On 31 August 2015, the Monetary Authority of Singapore (the “MAS”) issued a new “Notice on Financial Market Infrastructure Standards” (the “Notice”). The Notice came into effect on 31 August 2015 and applies to licensed trade repositories and approved clearing houses regulated under theSecurities and Futures Act (collectively defined as a “financial market infrastructure” (“FMI”)).
The MAS supervises the FMIs in accordance with the CPMI-IOSCO Principles for Financial Market Infrastructures (“PFMIs”), as set out under the Monograph on Supervision of Financial Market Infrastructures. Please click here for the full text of the PFMIs which is available on the website of the Bank for International Settlements (www.bis.org).
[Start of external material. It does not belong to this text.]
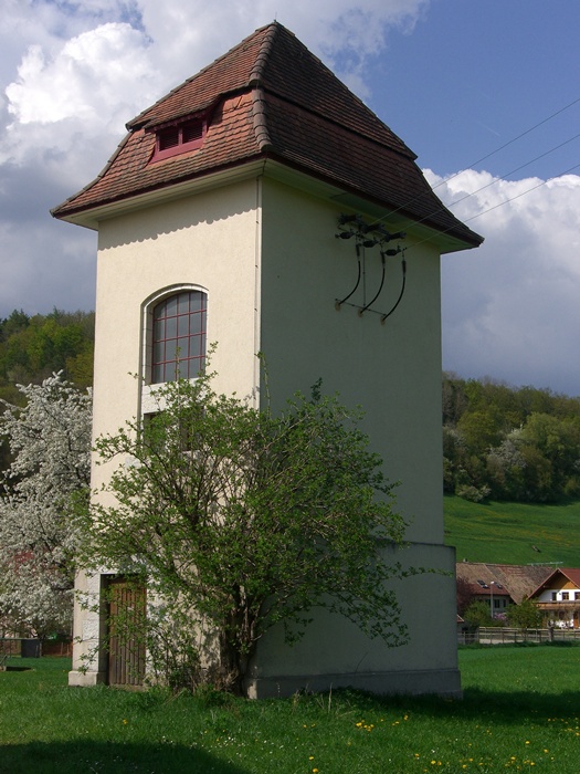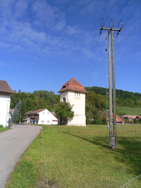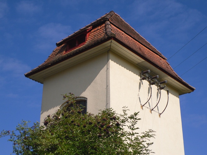 Diese Webseite wurde mit Stand Mai 2016 stillgelegt [ weiterlesen ] Zur Gemeinde Thayngen gehören auch die Dörfer Altdorf, Barzheim, Bibern, Hofen und Opfertshofen. ![]() ![]() ![]() ![]() ![]() ![]() ![]() ![]() ![]() ![]() ![]() ![]() ![]() ![]() ![]() ![]() ![]() ![]() ![]() ![]() Das Transformatorenhaus "Station Dorf" in Hofen von 1909 Fotos: Friedbert Kowalsky, 2010 (Bilder 1 u. 2 links oben) und Pit Fischer, 2011 (übrige) Dieses außergewöhnliche Trafohaus steht einige hundert Meter hinter dem Grenzübergang von Büßlingen (Landkreis Konstanz) Richtung Schaffhausen im kleinen Dorf Hofen in der Bruggwiesenstrasse, gegenüber Haus Nr. 10, am östlichen Ortsrand. Ein älterer Dorfbewohner aus der Nachbarschaft des Turms erzählte uns, dass die Strasse früher Fabrikstrasse hieß. Das würde auch das Hausnummernschild "38" über der Tür erklären. Die Station sei wegen der hier ansässigen Zündel'schen Ziegelwerke gebaut worden. Durch die Ziegelfabrik sei Hofen das erste Dorf mit Strom in der ganzen Region gewesen. 1908 befürwortete das Schaffhauser Stimmvolk die Gründung des Elektrizitätswerks des Kantons Schaffhausen, welches in der Folge in zügiger Aufbauarbeit ein elektrisches Leitungsnetz für den gesamten Kanton schuf (ausgenommen die Gemeinden Schaffhausen und Hallau, die bereits über eigene Elektrizitätswerke verfügten). Das Transformatorenhaus in Hofen wurde bereits 1909 durch das Elektrizitätswerk des Kantons Schaffhausen erbaut. Es ist ein wichtiger Zeuge der technischen Infrastruktur im ländlichen Raum und dokumentiert den Beginn der Elektrifizierung Hofens. Der in seiner äusseren Form ursprünglich erhalten gebliebene, turmartige Massivbau mit verputzten Fassaden und ziegelgedecktem Mansardwalmdach setzt im ebenen, von Wiesen un Äckern geprägten Gelände einen weithin sichtbaren architektonischen Akzent. Als zeittypisches Bauwerk der ländlichen Stromversorgung weist er eine zurückhaltende architektonische Gestaltung auf, die vom damals sich durchsetzenden Heimatstil beeinflusst ist. Charakteristisch sind der rohe Behau und die Quaderhaftigkeit der Kalksteingewände, ebenso der Turmhelm. Über einem verputzten, als Sockel ausgebildeten Erdgeschoss tragen die Obergeschosse einen rauhverriebenen, beige gestrichenen Putz (vermutlich von einer nachträglichen Fassadensanierung stammend). Die von Hausteinquadern eingefasste Eingangstür sitzt in der zur Strasse hin ausgerichteten Südfassade. Auch die sich auf der Süd- und Nordseite in den Obergeschossen öffnenden Fenster weisen gehauene Gewände aus Kalkstein auf. Die Fenster heben sich gestalterisch in besonderer Weise aus den sonst schmucklosen Fassaden hervor. Sie sind jeweils als Dreiergruppe angeordnet und werden durch den weissen Kalkstein der Gewände formal zusammengefasst: unten zwei kleine Rechteckfenster, oben ein grossflächiges Stichbogenfenster mit gesprosster Verglasung. West- und Ostseite sind nicht befenstert. An der Ostseite schliessen die Drähte der zuführenden Freileitungen an. Einst gingen von der Turmwestseite die Leitungsdrähte Richtung Dorf. Heute geschieht die Verteilung über erdverlegte Kabelleitungen. Produziert wurden in der ehemaligen Ziegelei u.a. Backsteine, hochwertige Dachziegel, Röhren und Tontöpfe, die mit Pferdefuhrwerken ausgeliefert wurden. Der fehlende Bahnanschluss und die Erschöpfung des Rohstoffvorrates waren die Gründe, warum die Fabrik 1917 zum größten Teil abgerissen wurde. Teilweise sind die Fabrikgebäude um die Trafostation noch erhalten, allerdings nicht mehr als solche erkennbar, da sie verändert, umgebaut und mit Anbauten versehen wurden. Das Haus neben der Transformatorstation sei die Kantine gewesen. "Die Ziegelei Hofen wurde 1834 gegründet und nahm 1861 ihren Betrieb auf. Ab 1870 gehörte die Fabrik zu den Vereinigten Ziegelwerken Thayngen, Hofen und Rickelshausen (Zündel & Cie Thayngen). Der Betrieb beschäftigte 100 Personen. Der Ton wurde in der "Lättgrueb" gewonnen und mittels einer 400 m langen Drahtseilbahn zur Fabrik transportiert. Als Erinnerung an diese Zeit führt heute noch die Kanalstaubrücke (siehe drittes Bild von links, obere Reihe) bei der Wuhr über die Biber." (Andreas Meile, Quelle siehe unten) Weiterhin erzählte uns der Anwohner, dass der Turm auch für den Naturschutz genutzt werde. Durch Schlupflöcher im Obergeschoss haben z.B. Greifvögel Zugang. Bis vor ca. 15 Jahren seien Schleiereulen drin gewesen, heute wohnen hier Turmfalken, deren Jungen vom kantonalen Vogelschutz beringt werden. Yvonne Scheiwiller schreibt in ihrem 2013 erschienenen Buch "Trafoturm - Turmtrafo" (Schwyz, Triner Verlag, ISBN 978-3-908572-59-6) auf Seite 113 über diese Station: "Es ist erstaunlich, wie ein so kleiner Kanton wie Schaffhausen sich entscheiden konnte, so grosse Trafos zu erstellen - und dies schon 1909. Die Grosstrafos von Schaffhausen Land nahmen ihren Anfang im Gründungsgesetz von 1908, mit dem man das Ingenieurbüro A. Strelin in Zürich beauftragte, Trafos und Verteilanlagen zu planen. Gebaut wurde TS DORF in Hofen bei Thayngen an der Bruggwiesenstrasse von der Baufirma G. Grossweiler & Cie. Es gibt weitere ähnliche Trafos im Kanton Schaffhausen." Unser Kollege von swisstrafos.ch schreibt in seinem Artikel über diese Station: "An der Bruggwiesenstrasse erstellte die Baufirma Grossweiler & Cie. nach den Plänen des Ingenieurbüro A. Strelin Zürich zur flächendeckenden Elektrifizierung des Kantons 1909 die ästhetisch gelungene Trafoturmstation Dorf. Im Gegensatz zu weiteren vergleichbaren Stationen auf dem Kantonsgebiet von Schaffhausen handelt es sich hierbei um den grössten Trafoturm. Über dem Sockelgeschoss liegt leicht zurückversetzt der Oberbau. Darüber befindet sich ein Mansarddach. Im oberen Teil liegen die grossen Sichtbogenfenster, welche von zwei quadratischen Fenstern untersetzt sind. Sowohl die Fenster wie auch die Zugangstüre an der Gebäudefront sind von Steinquadern umgeben." Quelle: swisstrafos - Ho

The FMIs facilitate the clearing, settlement, and recording of monetary and other financial transactions, such as payments, securities, and derivatives contracts (including derivatives contracts for commodities). While safe and efficient FMIs contribute to maintaining and promoting financial stability and economic growth, FMIs also concentrate risk. If not properly managed, FMIs can be sources of financial shocks, such as liquidity dislocations and credit losses, or a major channel through which these shocks are transmitted across domestic and international financial markets. The PFMIs are part of a set of 12 key standards that the international community considers essential to strengthen and preserve financial stability.
Some of the principles in the PFMI are set out in the Securities and Futures Act and subsidiary legislation issued thereunder. These include requirements relating to the handling of the money and assets of the customers of the FMIs, the FMIs’ business continuity plan and recovery and resolution plan, etc. The Notice sets out the remaining principles in the PFMI that an FMI has to comply with. Among others, an FMI is required to put in place procedures, policies and systems to manage its legal, credit, liquidity, general business, operational, custody and investment risks.